Thulio Fonseca – Vatican News
Ao chegar à Sala Paulo VI, o Papa Leão XIV foi recebido com entusiasmo pelos jovens da diocese de Roma, que o saudaram calorosamente e lhe ofereceram um emocionante abraço. Comovido pela acolhida, o Pontífice iniciou seu discurso de forma espontânea: “Estou muito contente por estar com vocês, por ter esta oportunidade de partilhar um pouco tantas questões da vida”, disse, estabelecendo desde o início um clima de proximidade e escuta com a juventude de sua diocese.
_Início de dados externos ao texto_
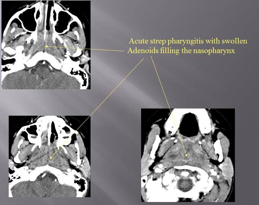 There is excessive enhancement or thickening of the mucosa or hypertrophy of the lymphoid tissue in the nasopharynx.

O encontro, realizado neste sábado, 10 de janeiro, poucos dias após o encerramento do Jubileu, reuniu milhares de jovens — acompanhados por sacerdotes, religiosos e educadores — dentro e fora da Sala Paulo VI. Leão XIV ouviu suas inquietações, reconheceu suas feridas e indicou caminhos concretos para uma vida verdadeiramente humana e cristã, recordando a intensidade espiritual vivida durante o Ano Santo e destacando que essa experiência não deve permanecer apenas como memória, mas transformar-se em compromisso: ser não apenas peregrinos da esperança, mas testemunhas vivas dessa esperança no cotidiano.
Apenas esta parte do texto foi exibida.